§ **INFORMATION SUPPLIED**:
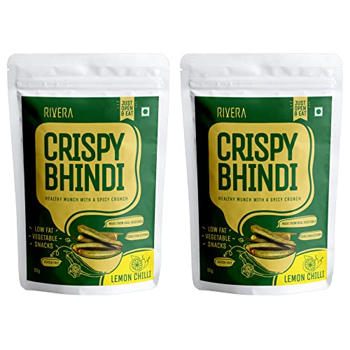 Rivera Crispy Bhindi (Lemon Chili) Okra Chips Vegetable Snacks Vacuum Cooked So No Need To Cook Ready To Eat 50G Each (Pack of 2)
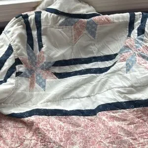 Stylish quilted jacket featuring a faux fur collar. Unique patchwork design with pink and blue accents. Perfect for a cozy, fashionable look.
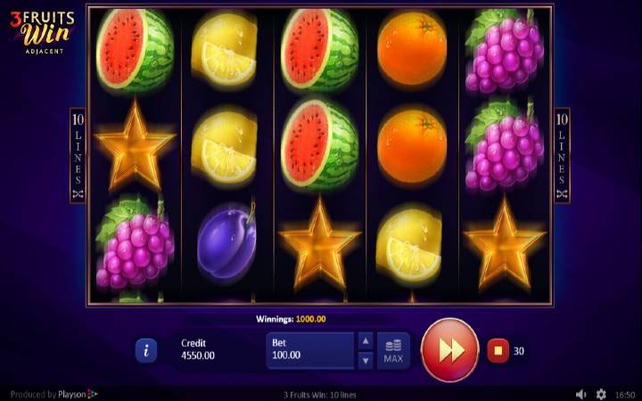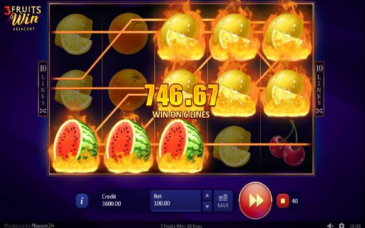 3 Fruits Win je klasičan slot kojim dominiraju voćni simboli. Ova igra ima pet kolona u tri reda i 10 isplatnih linija. Isplatne linije su fiksne i njihov broj ne možete menjati. Da biste ostvarili bilo kakav dobitak potrebno je spojiti barem tri ili više istih simbola na isplatnoj liniji. Za razliku od većine slot igara, ovde ne morate brinuti da li će simboli biti poređani zdesna na levo ili sleva na desno, niti da li će biti poređani od prve ili od poslednje kolone. Bitno je da budu vezani na isplatnoj liniji. Dakle, odakle god da počne isplatni niz, očekuje vas isplata.
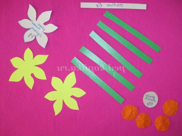 Обводимо на темно зеленому картоні стебло дет 6 5 шт, на жовтому папері квітка дет7 2шт,на помаранчевій гофрованого паперу
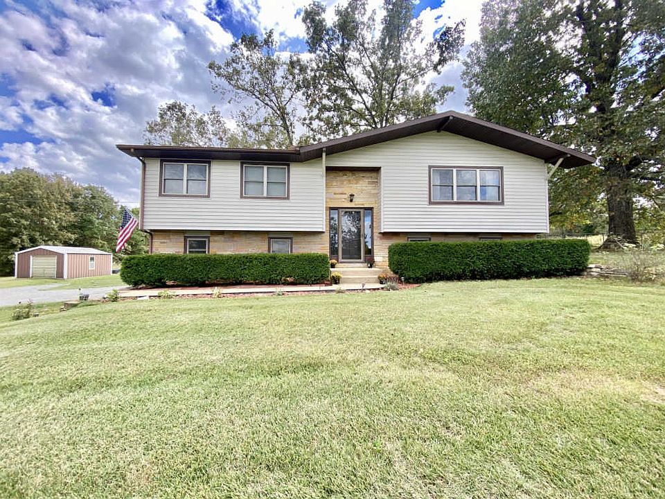 Clean, cute, and move in ready! This 4 bed 3 full bath home is located on a paved county road and sits in the middle of just under 5 acres. Upstairs you will find, kitchen, living, 3 bedrooms with 2 full bathrooms. Downstairs is two car garage with master suite and laundry. Out the double doors off the dinning area is a nice deck and fenced yard and just under 4 fenced acres for livestock. Howell Vally School District.
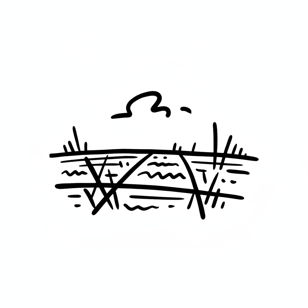 Eine minimalistische Schwarz-Weiß-Skizze. Handgezeichnet, mit Tintenmarker, dicken Konturen. Minimalistische Strichzeichnung, isoliert auf weißem Hintergrund. Keine Schattierungen, kein Grau, hoher Kontrast. Skizzenhafte Ästhetik, verspielt und grob. Hoher Kontrast, isoliert auf weißem Hintergrund. WICHTIG: KEIN TEXT im Bild. Hintergrund: Rein weiß.
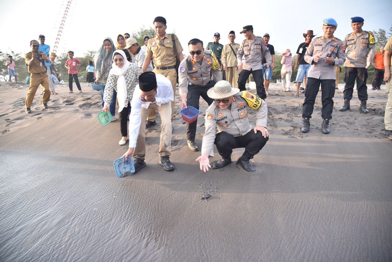 Selain memantau kondisi wisata, Kapolres Kebumen dan Wakil Bupati juga menyempatkan diri untuk mengunjungi penangkaran penyu yang terletak tidak jauh dari Pantai Lembupurwo. Di sana, keduanya turut berpartisipasi dalam kegiatan pelepasan tukik (anakan penyu) ke laut lepas, sebagai bagian dari upaya pelestarian satwa langka tersebut.. (Humas Polres Kebumen)

§ **PROBLEM TO SOLVE**: Starting with the opening line of the listing, write out each line exactly until the line that contains "Обводимо на темно" has been included; skip the pictures.

§ **RESPONSE AREA**:
 Rivera Crispy Bhindi (Lemon Chili) Okra Chips Vegetable Snacks Vacuum Cooked So No Need To Cook Ready To Eat 50G Each (Pack of 2)
 Stylish quilted jacket featuring a faux fur collar. Unique patchwork design with pink and blue accents. Perfect for a cozy, fashionable look.
 3 Fruits Win je klasičan slot kojim dominiraju voćni simboli. Ova igra ima pet kolona u tri reda i 10 isplatnih linija. Isplatne linije su fiksne i njihov broj ne možete menjati. Da biste ostvarili bilo kakav dobitak potrebno je spojiti barem tri ili više istih simbola na isplatnoj liniji. Za razliku od većine slot igara, ovde ne morate brinuti da li će simboli biti poređani zdesna na levo ili sleva na desno, niti da li će biti poređani od prve ili od poslednje kolone. Bitno je da budu vezani na isplatnoj liniji. Dakle, odakle god da počne isplatni niz, očekuje vas isplata.
 Обводимо на темно зеленому картоні стебло дет 6 5 шт, на жовтому папері квітка дет7 2шт,на помаранчевій гофрованого паперу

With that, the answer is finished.